__PROVIDED INFORMATION__:
• • •

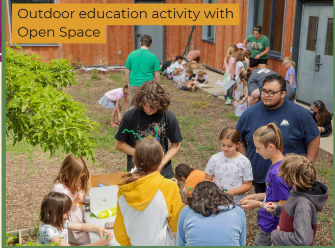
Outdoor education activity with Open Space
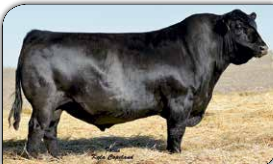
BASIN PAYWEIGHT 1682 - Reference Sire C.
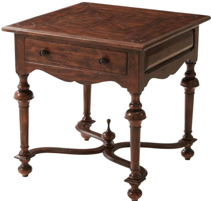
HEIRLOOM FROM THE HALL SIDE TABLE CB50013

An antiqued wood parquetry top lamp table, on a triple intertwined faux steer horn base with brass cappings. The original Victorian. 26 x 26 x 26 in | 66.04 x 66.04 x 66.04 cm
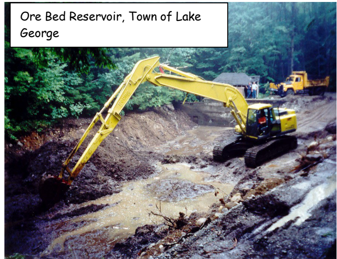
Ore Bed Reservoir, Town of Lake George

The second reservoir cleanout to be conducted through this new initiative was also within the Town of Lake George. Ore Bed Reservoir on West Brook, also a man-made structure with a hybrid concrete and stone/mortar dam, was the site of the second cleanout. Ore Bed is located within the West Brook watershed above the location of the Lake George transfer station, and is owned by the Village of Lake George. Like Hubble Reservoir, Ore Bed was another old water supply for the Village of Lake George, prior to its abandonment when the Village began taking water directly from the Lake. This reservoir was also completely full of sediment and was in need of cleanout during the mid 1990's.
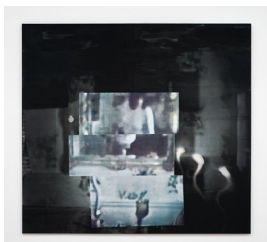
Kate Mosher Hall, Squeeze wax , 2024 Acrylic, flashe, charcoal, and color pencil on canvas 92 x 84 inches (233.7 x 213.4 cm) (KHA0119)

• • •

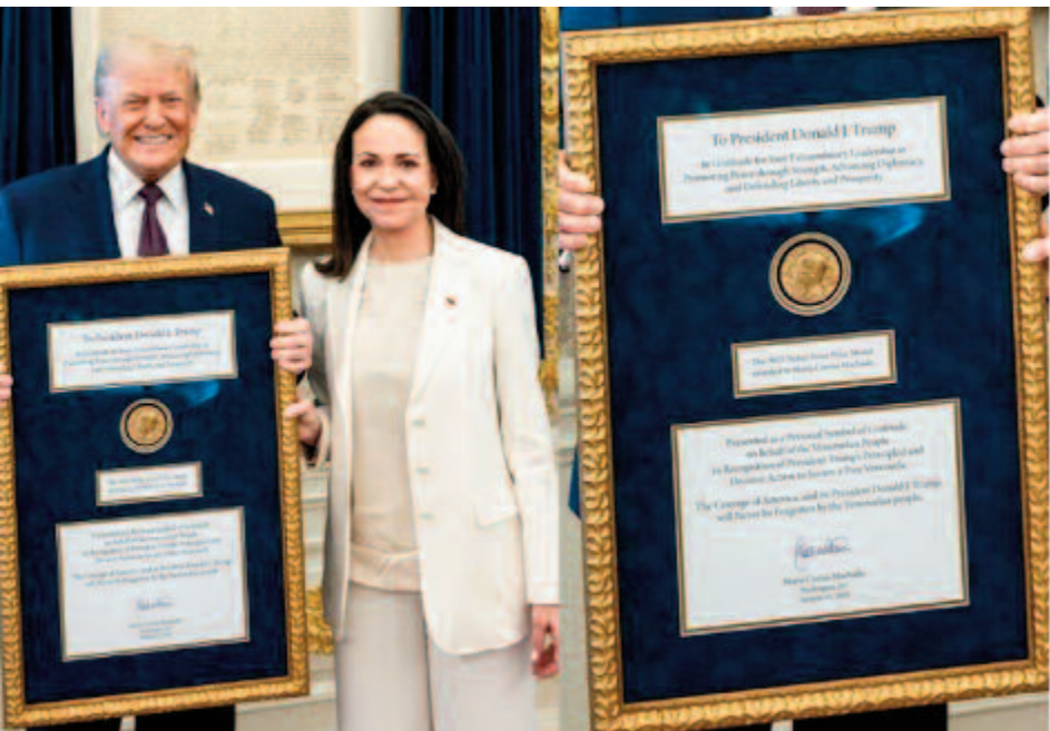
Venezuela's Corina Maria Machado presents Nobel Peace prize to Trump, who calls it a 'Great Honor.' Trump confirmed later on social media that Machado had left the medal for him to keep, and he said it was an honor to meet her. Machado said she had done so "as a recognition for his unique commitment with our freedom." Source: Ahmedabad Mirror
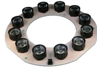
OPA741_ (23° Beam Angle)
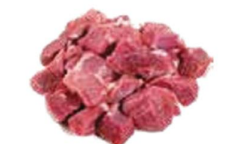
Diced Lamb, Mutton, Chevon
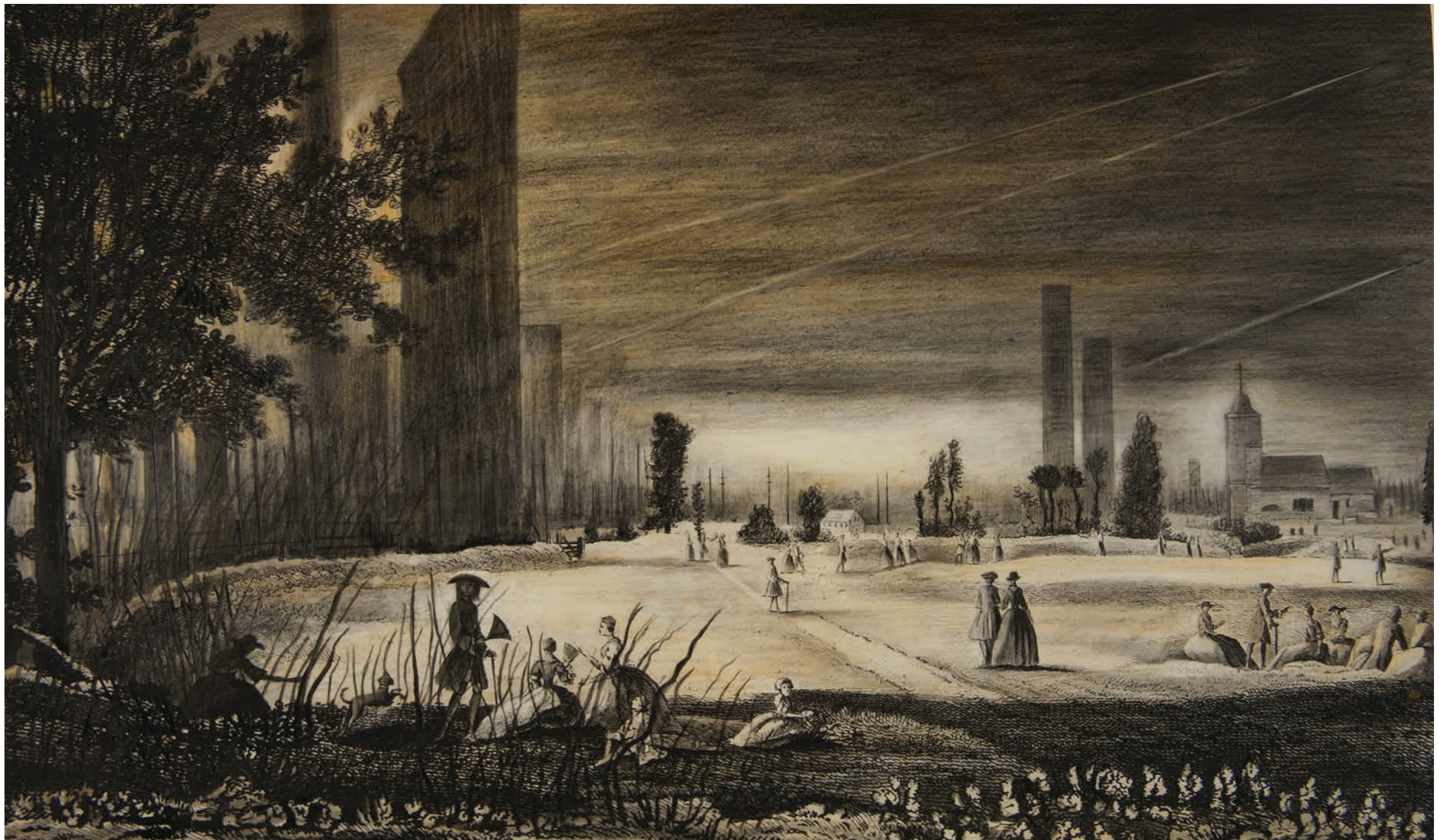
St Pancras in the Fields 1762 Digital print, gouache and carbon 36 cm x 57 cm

• • •

Make a list of all lines in the data that contain "with".

Outdoor education activity with Open Space
An antiqued wood parquetry top lamp table, on a triple intertwined faux steer horn base with brass cappings. The original Victorian. 26 x 26 x 26 in | 66.04 x 66.04 x 66.04 cm
The second reservoir cleanout to be conducted through this new initiative was also within the Town of Lake George. Ore Bed Reservoir on West Brook, also a man-made structure with a hybrid concrete and stone/mortar dam, was the site of the second cleanout. Ore Bed is located within the West Brook watershed above the location of the Lake George transfer station, and is owned by the Village of Lake George. Like Hubble Reservoir, Ore Bed was another old water supply for the Village of Lake George, prior to its abandonment when the Village began taking water directly from the Lake. This reservoir was also completely full of sediment and was in need of cleanout during the mid 1990's.
Venezuela's Corina Maria Machado presents Nobel Peace prize to Trump, who calls it a 'Great Honor.' Trump confirmed later on social media that Machado had left the medal for him to keep, and he said it was an honor to meet her. Machado said she had done so "as a recognition for his unique commitment with our freedom." Source: Ahmedabad Mirror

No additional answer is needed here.